There was a lake and hot soup and I’m getting mushy but there isn’t a better kind of race out there. I usually find myself dwelling in these columns about all the big bits: mortality and failure, courage and cowardice but really, it’s like O. Henry said, “A good time was had by all.”
I will say this: I have been wagging my bottom at the sport of running for about 6 months now. My training, much like camp food, has been hot, brown and there has been an awful lot of it to go around. I have showed up to races drunk from the night before.
I have refused to carb load for long races, steadfastly asserting my right to eat BBQ ribs and raw jalapenos in an effort to prove the science we all so steadfastly follow is just plain hokum. One week before a 50k, I logged 40+ miles which included speed work on Tuesday and hill repeats on Thursday.
One weekend I ran the Fishnet 5k, a sidewalk race, on Saturday (including 6 miles of warm up and cool down) and then the Mike the Dog 30k on Sunday. What has all that gotten me? I have a 4:24 trail marathon and more than a few 7 hour 50k’s.
I have chronic runners knee, a yo-yoing weight issue, a huge craft beer bill and an epic failure at the 2013 running of the Barkley Marathons. I clearly have bad judgment. My friend Charles calls it poor impulse control. My friend Gordon says I am afraid to succeed.
My friend Stephanie says I’m just being stupid. I am inclined to think they’re all a little right but that Stephanie is more right than Charles or Gordon. I used to think it was a thing to fix like a transmission or a toaster but I have come to understand it’s just who I am.
My good judgment, like my cell phone, is small enough that in the fury and wildness of the day, it is all together possible I will simply misplace them.

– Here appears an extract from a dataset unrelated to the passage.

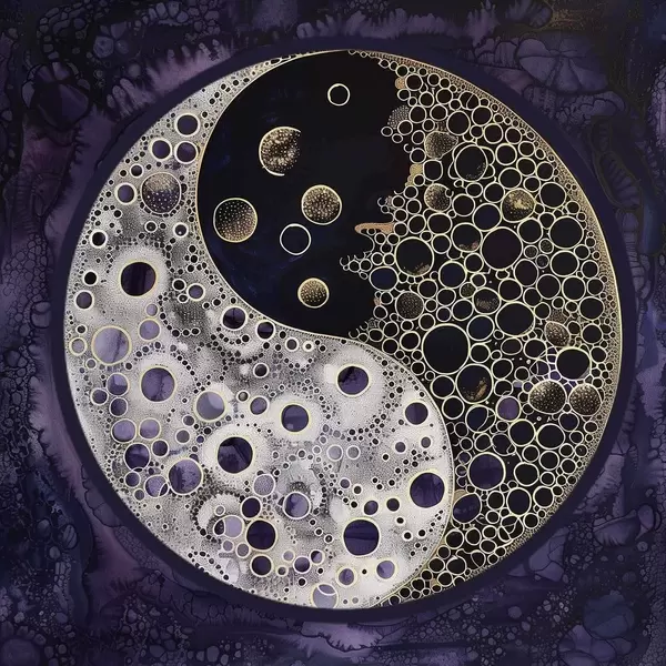 Poster Symbool van yin en yang op paarse achtergrond Nr f38535

It’s like the great philosopher Pogo once said, I have seen the enemy and he is us.
I’m more dog than fox, more squirrel than hawk. One by one I find my clan, my tribe. It’s like when you were twelve and your best friend dared you to jump off the roof, watched you flop sideways into the bush and then shimmied up for his turn at disaster. We’re a stupid tribe, a crazy big hearted stupid tribe.